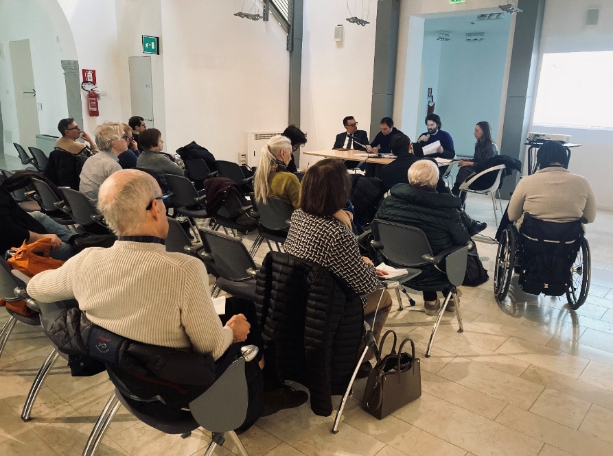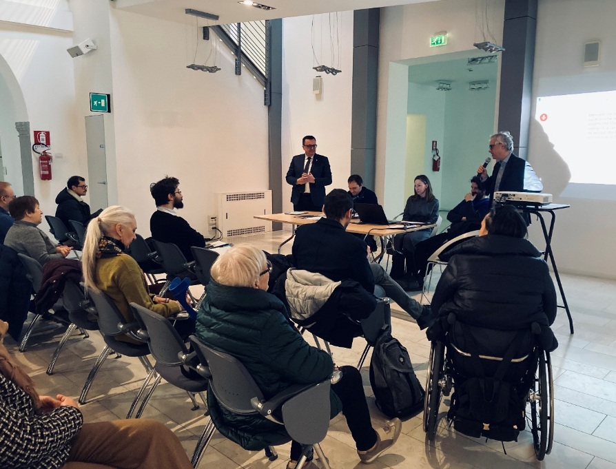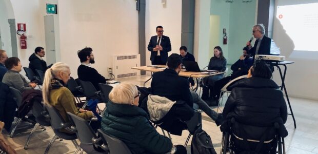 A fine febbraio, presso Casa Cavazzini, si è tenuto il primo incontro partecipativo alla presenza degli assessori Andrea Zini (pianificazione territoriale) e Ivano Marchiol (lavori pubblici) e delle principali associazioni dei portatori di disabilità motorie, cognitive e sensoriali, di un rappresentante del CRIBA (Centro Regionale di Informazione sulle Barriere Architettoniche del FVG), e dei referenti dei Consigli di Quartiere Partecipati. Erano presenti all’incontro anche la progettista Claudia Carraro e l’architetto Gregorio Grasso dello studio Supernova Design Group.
--
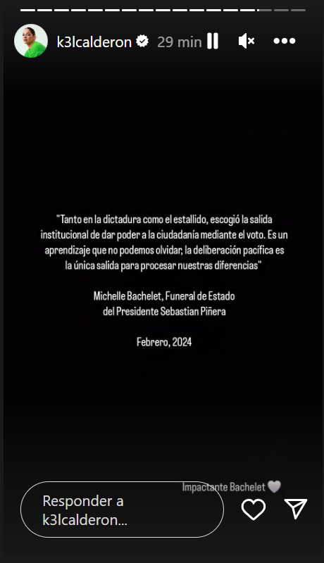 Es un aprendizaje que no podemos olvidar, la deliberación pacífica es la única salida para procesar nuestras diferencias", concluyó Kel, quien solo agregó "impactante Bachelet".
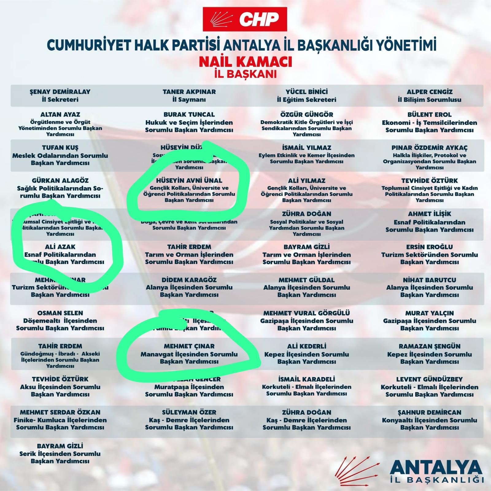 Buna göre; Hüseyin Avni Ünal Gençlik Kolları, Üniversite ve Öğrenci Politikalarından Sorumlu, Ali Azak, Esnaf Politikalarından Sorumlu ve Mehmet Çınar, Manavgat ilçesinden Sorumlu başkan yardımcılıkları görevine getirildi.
...
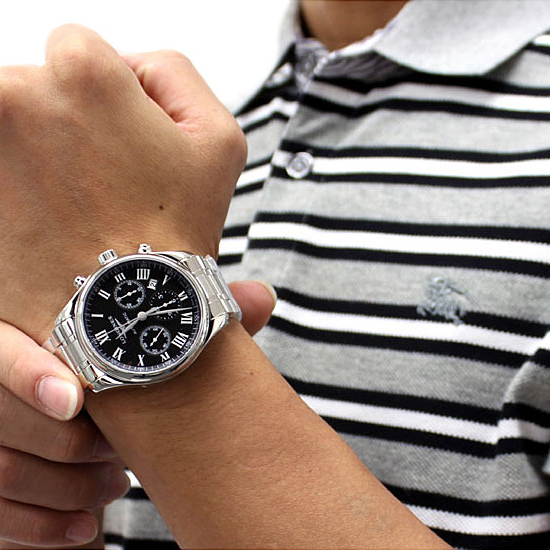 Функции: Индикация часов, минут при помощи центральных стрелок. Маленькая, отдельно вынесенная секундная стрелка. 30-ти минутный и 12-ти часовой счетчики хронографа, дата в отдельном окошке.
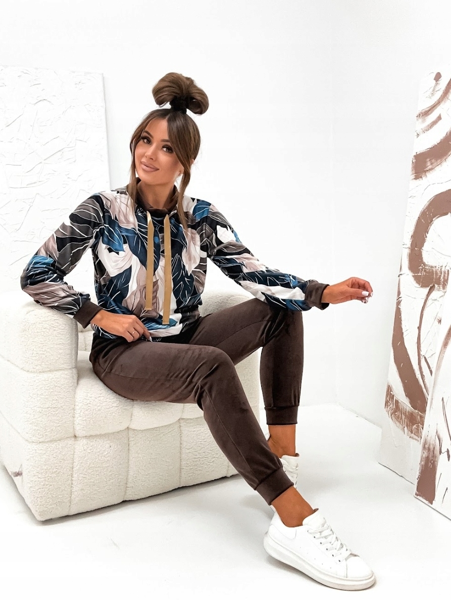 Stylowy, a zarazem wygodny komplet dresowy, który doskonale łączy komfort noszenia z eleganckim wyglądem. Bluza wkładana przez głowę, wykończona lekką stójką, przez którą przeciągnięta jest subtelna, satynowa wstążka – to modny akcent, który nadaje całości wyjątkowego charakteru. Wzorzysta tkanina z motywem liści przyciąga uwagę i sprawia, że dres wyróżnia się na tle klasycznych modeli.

• **Problem details**: Print, word for word, the lines above that run from the line containing "Es un aprendizaje" to the line containing "Buna göre; Hüseyin", both included. Keep the pictures out.

• **Solution for this problem**:
 Es un aprendizaje que no podemos olvidar, la deliberación pacífica es la única salida para procesar nuestras diferencias", concluyó Kel, quien solo agregó "impactante Bachelet".
 Buna göre; Hüseyin Avni Ünal Gençlik Kolları, Üniversite ve Öğrenci Politikalarından Sorumlu, Ali Azak, Esnaf Politikalarından Sorumlu ve Mehmet Çınar, Manavgat ilçesinden Sorumlu başkan yardımcılıkları görevine getirildi.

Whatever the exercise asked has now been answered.